__Recorded information__.
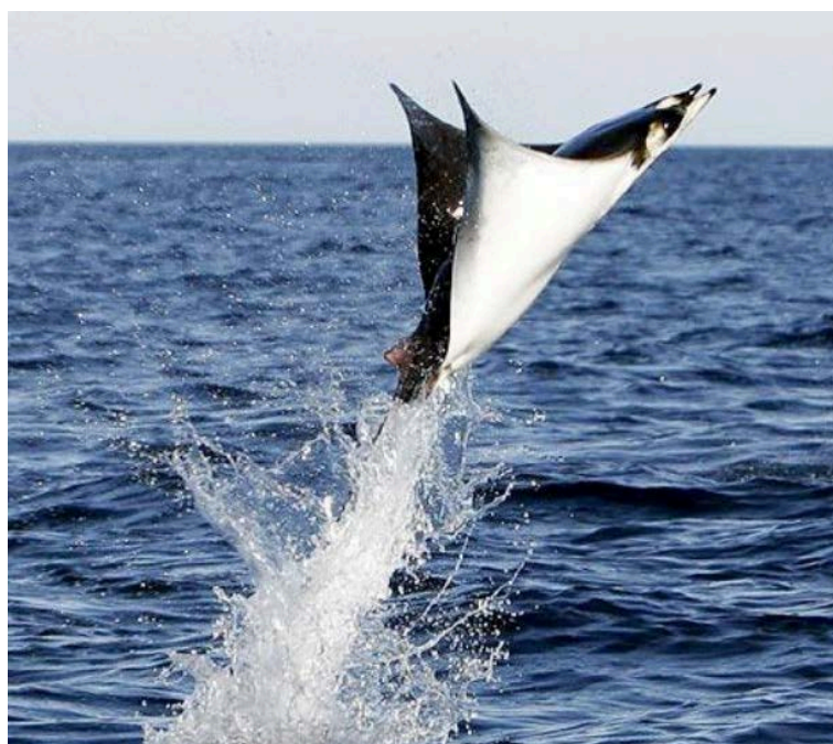
Slika 1. GOLUB UHAN ( Mobula mobular ) ( www.filmatidimare.altervista.org )
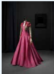
Lorenzo Caprile, Vestido de noche de S.A.R. la Infanta Dña Elena para la boda de S.A.R. Victoria de Suecia y Daniel Westling, 2010.

This exhibition explores the notion of time and how it's represented. Annie Leibovitz's portraits of King Felipe VI and Queen Letizia are also featured.
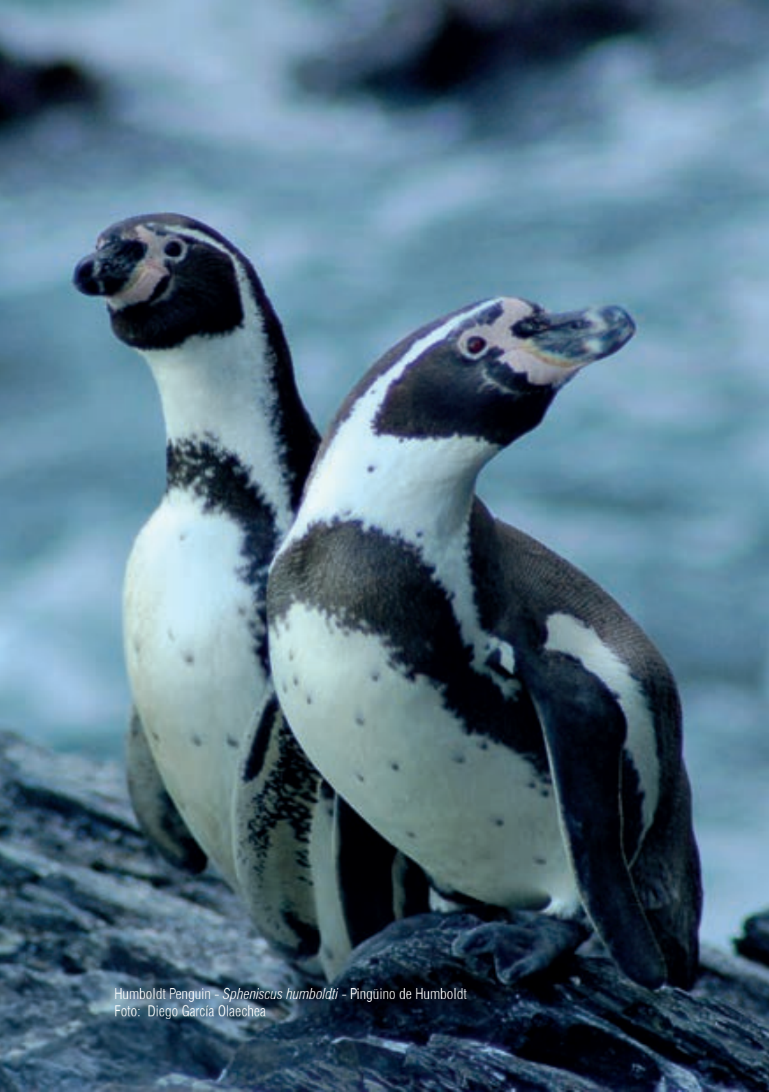
Humboldt Penguin - Spheniscus humboldti - Pingüino de Humboldt

__What needs to be done__. Could you return exactly the lines starting with the one that contains "This exhibition explores" and ending with the last line of the data above? Leave the pictures out.

__Result of the task__.
This exhibition explores the notion of time and how it's represented. Annie Leibovitz's portraits of King Felipe VI and Queen Letizia are also featured.
Humboldt Penguin - Spheniscus humboldti - Pingüino de Humboldt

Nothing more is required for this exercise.